A visualization that clusters all the method declarations in a codebase is particularly useful for understanding the overall structure and organization of the code. By grouping related methods or classes together, it allows developers to quickly grasp how different parts of the codebase are connected. This, in turn, makes it easier to navigate and comprehend, especially in large projects.

Furthermore, this type of visualization can reveal patterns that indicate potential “code smells” or areas where refactoring might be needed. For example, by highlighting clusters of methods that naturally belong together but are dispersed across different classes, the visualization can help identify opportunities for refactoring to enhance code cohesion and modularity.

It also allows developers to quickly spot method names that don’t follow established naming conventions, such as discovering a method named fetchData in a cluster where the convention is to use retrieveData.

Concepts and terminology

Embeddings

Embeddings are numerical representations of data concepts that AI models can operate on. A data concept can be an image, a word, a document, chunks of a document, or even a method declaration. Since embeddings are vectors of floats, they can be used to do arithmetics. With the basis that embeddings represent entities, if two entities’ embeddings are close to each other numerically, the two entities will be similar. For example, you might think that “love” and “hate” would be far from each other, but they tend to have similar embeddings. They both are emotions that people use to define a relationship in regard to something or someone else.

Clustering

Clustering is the process of grouping similar objects together based on their features. It involves dividing a dataset into clusters, where objects within the same cluster are more similar to each other than to those in other clusters. Using the example above, we could see two clusters: one containing “hate”, “love” and “adore”, and another containing “table”.

How to produce the visualization

Before starting the visualization, you must first run a recipe which collects the embeddings for each method or class (depending on your preference). Select methods or classes depending on which one you want to analyze.

Once the recipe has finished running, click on the visualization tab and run the "clustering code snippets" visualization.

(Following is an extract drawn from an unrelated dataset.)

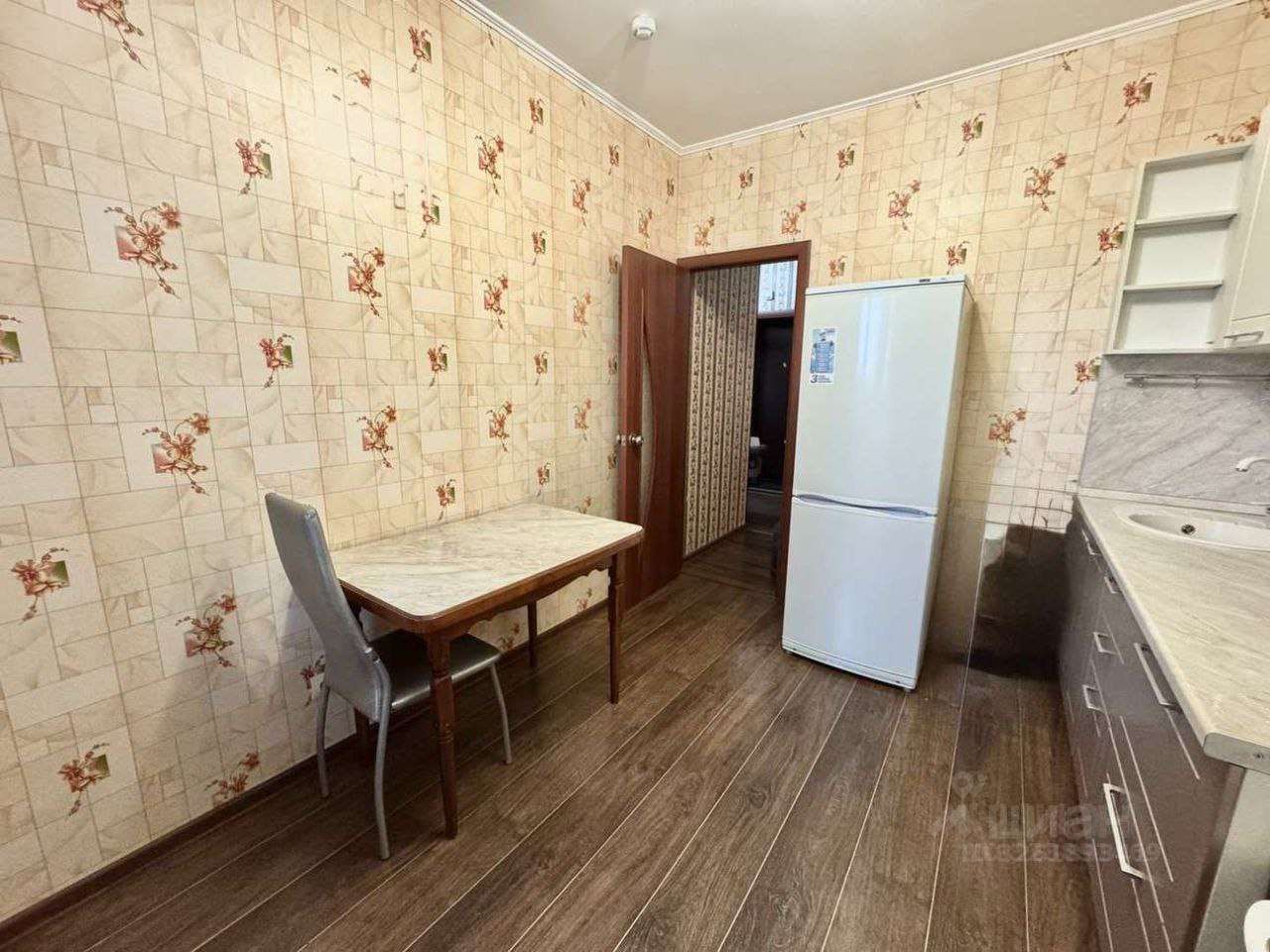 Для новых собственников останется встроенная кухня и бытовая техника, включая холодильник и обеденный стол.
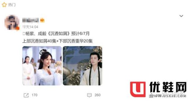 网上又有娱乐博主传出消息称由杨紫和成毅主演的电视剧《沉香如屑》将于六月或者七月播出,同时这部剧分为上半部《沉香如屑》和下半部《沉香重华》,上半部40集,下半部20集。

As a result you will get a 2D scatter plot, where each dot represents either a method or a class depending on what you selected. You can hover over any dot to reveal the name of the method or class. The closer two dots are, the more likely their contents are similar. For instance, you can expect to find methods that read, write, or delete files near each other.

What information can you extract from this?

  • You could find methods that do similar things but have different names, which could be refactored into a more cohesive design, such as creating a class that extends another to group similar functionality.
  • You can identify inconsistencies in naming conventions across the codebase, such as methods that perform similar actions but are named differently, which could be standardized for clarity.
  • It allows you to see which methods (or classes) are most closely related, potentially revealing opportunities for optimizing the codebase by improving modularity or reducing dependencies.

Gotchas & tips and tricks

  • Note that the methods are deduplicated, so only one dot represents a method even if it appears multiple times in the codebase. The deduplication is based on the full method declaration, not just the name or signature.
  • Running the visualization on too many repositories with too many methods or classes can make the information overwhelming and difficult to digest, so it’s best to narrow the scope when possible.
  • The embeddings used for clustering are based on the content of the method (or class) as well, not just the method (or class) names, which helps in grouping methods (or class) that perform similar tasks even if they have different names.
  • While clusters can provide useful information about related methods, the relative positions of the clusters within the visualization also hold significant insights. One dot may be perfectly in between two clusters, so its position conveys more information than the cluster it was assigned to.